[Source material]

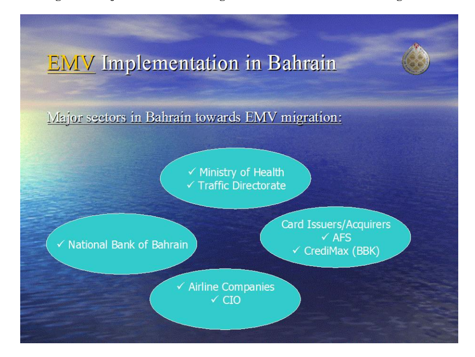
Figure: 4 Major Sectors in the Kingdom of Bahrain towards EMV Migration

• However, a full project team was established by AFS company (Issuer) with a major strategy included gaining knowledge prior to the migration plan, acquiring hardware and software, and hiring new people such as training consultants (SIMETRIC) nominated by Visa International Organization. So, their major steps of strategy development were changing software applications, personalization, purchasing hardware and training. AFS also chose different suppliers such as IBM for main machines, NBS for embossing and personalization, and BAYSYS for software applications and upgrading. "AFS is now ready and has become an EMV compliant in the third quarter of 2004." Said Mr. Ghazi M. AbdulJawad, the Chairman, AFS and Mr. Nass.
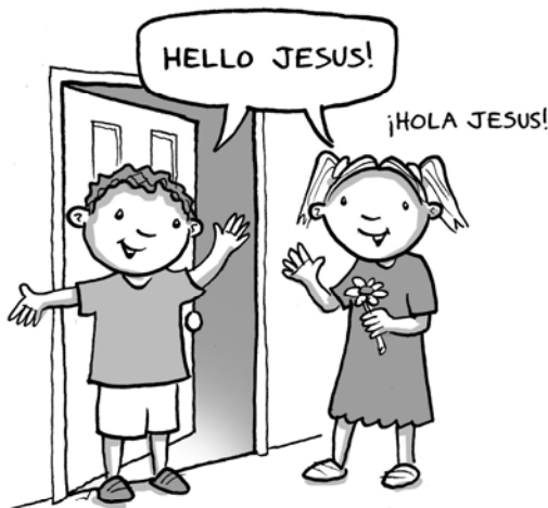
The Little Ones

Taking a child, Jesus placed it in their midst, and putting his arms around it, he said to them, “Whoever receives one child such as this in my name, receives me; and whoever receives me, receives not me but the One who sent me.” Mk 9:36-37
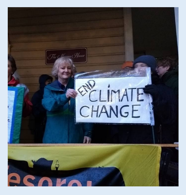
Participants at a rally to celebrate Governor Inslee's rejection of the oil by rail terminal

Three cheers for all who helped stop the oil terminal. On November 28, EFSEC voted to disapprove the project. On January 9, The Port Commission voted to end the lease for the oil terminal by March 31, 2017, if Tesoro Savage does not have all its permits and authorizations ready by then. On January 29, 2017, the Governor officially rejected the Tesoro Savage Oil Terminal. It would be almost impossible for Tesoro to get permits in time.
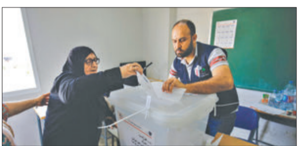
An elderly Lebanese woman casts her ballot during the first parliamentary election in nine years, in the northern port city of Tripoli on Sunday.
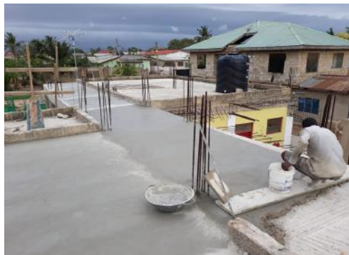
Roof of Path of Joy, Kasoa
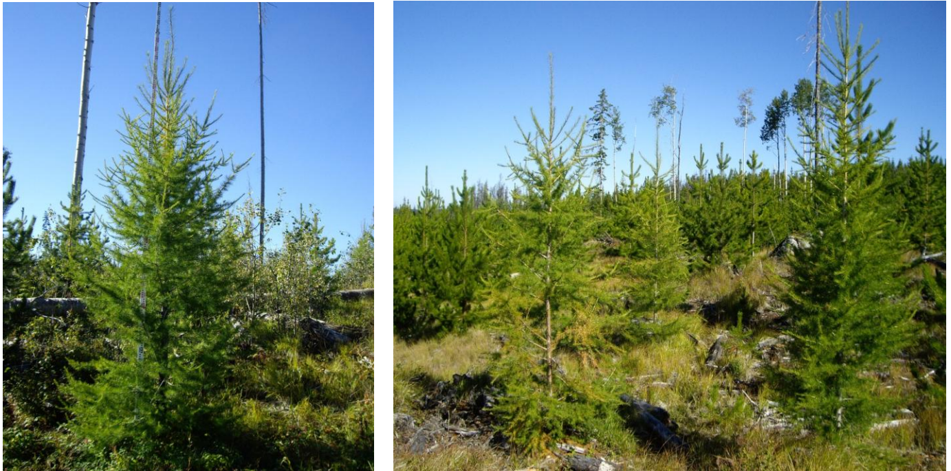
Figure 3. Western larch growing on a productive site in Woodlot 1606. Note the vigorous leader growth.
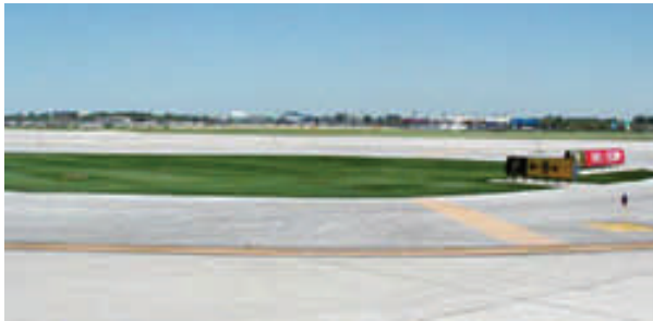
14L -32R Runway Resurfacing Project at O'Hare

AvTurf® begins Capital Improvement Projects at O'Hare and Midway Airports in Chicago.
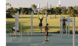
TYPICAL OUTDOOR GYM
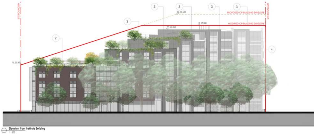
Elevation from Institute Building 1:200
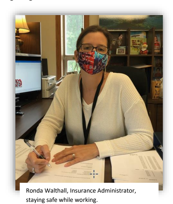
Page | 2
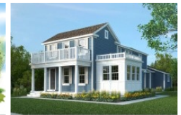
CLASSIC COLLECTION HOLMES HOMES FROM THE LOW $300'S

Don't let the name fool you, these single family homes live big
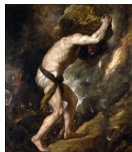
Sísifo. Tiziano. Museo do Prado.

http://upload.wikimedia.org/wikipedia/commons/thumb/3/38/Eug%C3%A8ne_Ferdinand_Victor_Delacroix_031.jpg/344px-Eug%C3%A8ne_Ferdinand_Victor_Delacroix_031.jpg
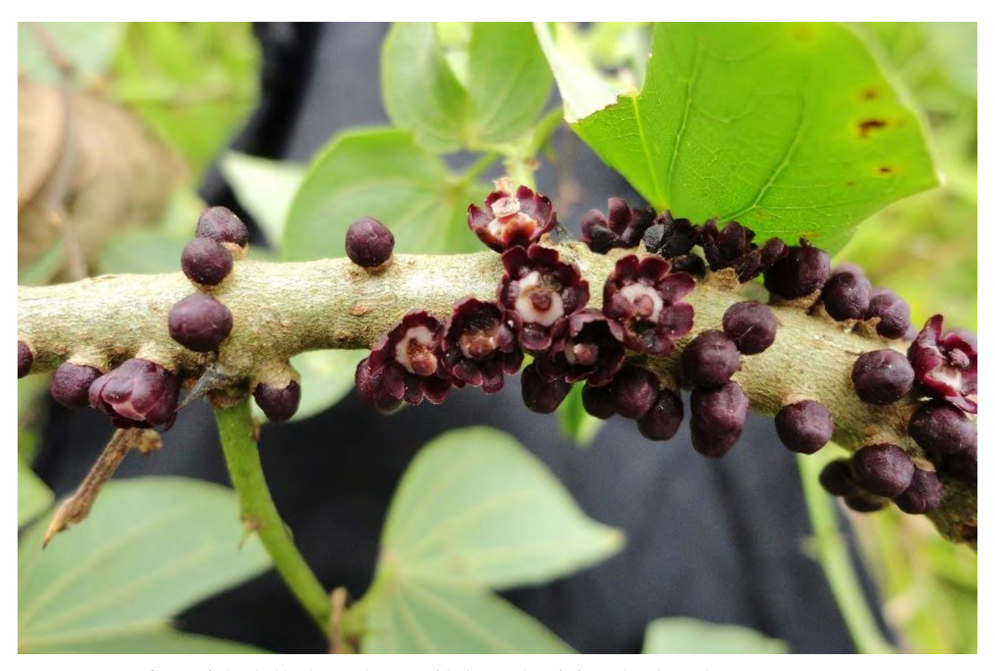
Figure 2. Staminate flowers of Pilostyles blanchetti on the stems of the host Bauhinia forficata .
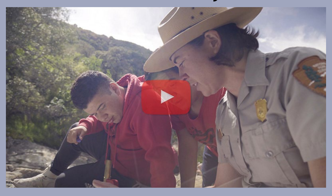
Click the image above to view the Climate Change Academy video on YouTube.

As national parks across the country gear up to host visiting school groups, its important to remember how POWERFUL those visits can be in changing the lives of students!
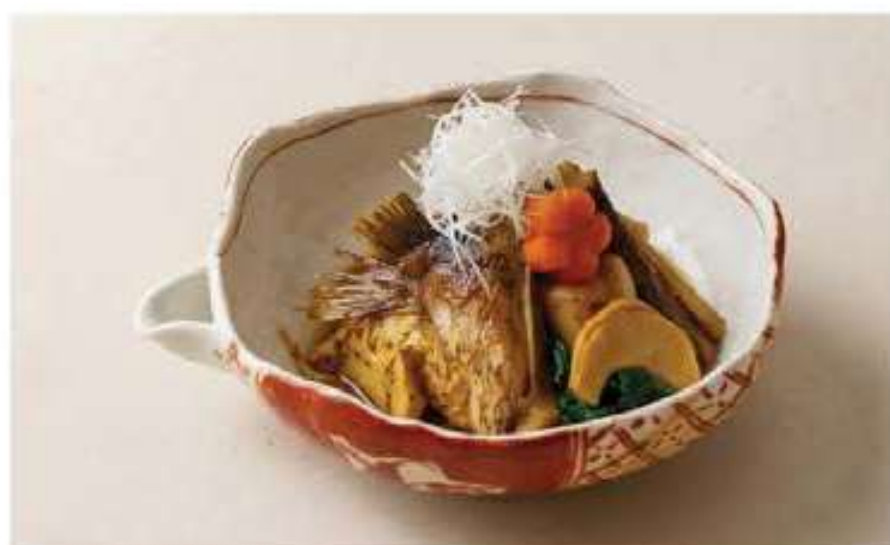
鯛兜山椒煮 Tai Kabuto sea bream helmet with Japanese pepper
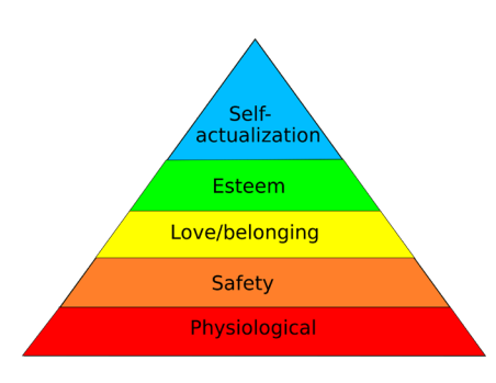
Maslow's Hieracrchy of Needs

physiological, is at the bottom and includes those things required for human survival: air, water and food. Next, are safety needs: personal security, financial security, and health. At the peak of the pyramid is a person's desire to accomplish. Nowhere on Maslow's pyramid will you find hydroplane racing, or NFL football, for that matter.
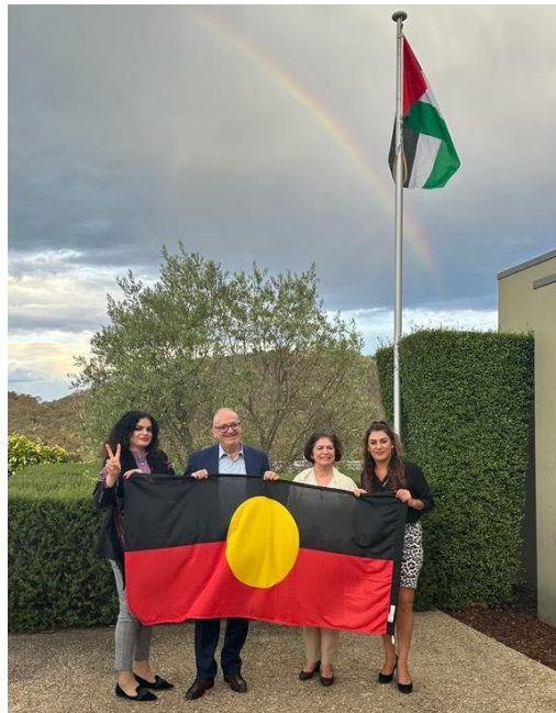
On 7 December, the Ambassador and Embassy Staff met with Senator Lidia Thorpe at the Palestinian Embassy in Canberra.
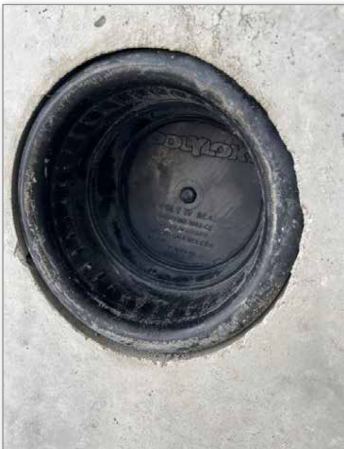
Boot as manufactured and poured flush with the tank.

This applies only to tanks manufactured after February 13, 2023.

[/Source material]

Task objective: Each line above starting at the one holding "The Little Ones" and ending at the one holding "Participants at a" should be set down exactly as it stands, both ends included, with no pictures.

Response:
The Little Ones

Taking a child, Jesus placed it in their midst, and putting his arms around it, he said to them, “Whoever receives one child such as this in my name, receives me; and whoever receives me, receives not me but the One who sent me.” Mk 9:36-37
Participants at a rally to celebrate Governor Inslee's rejection of the oil by rail terminal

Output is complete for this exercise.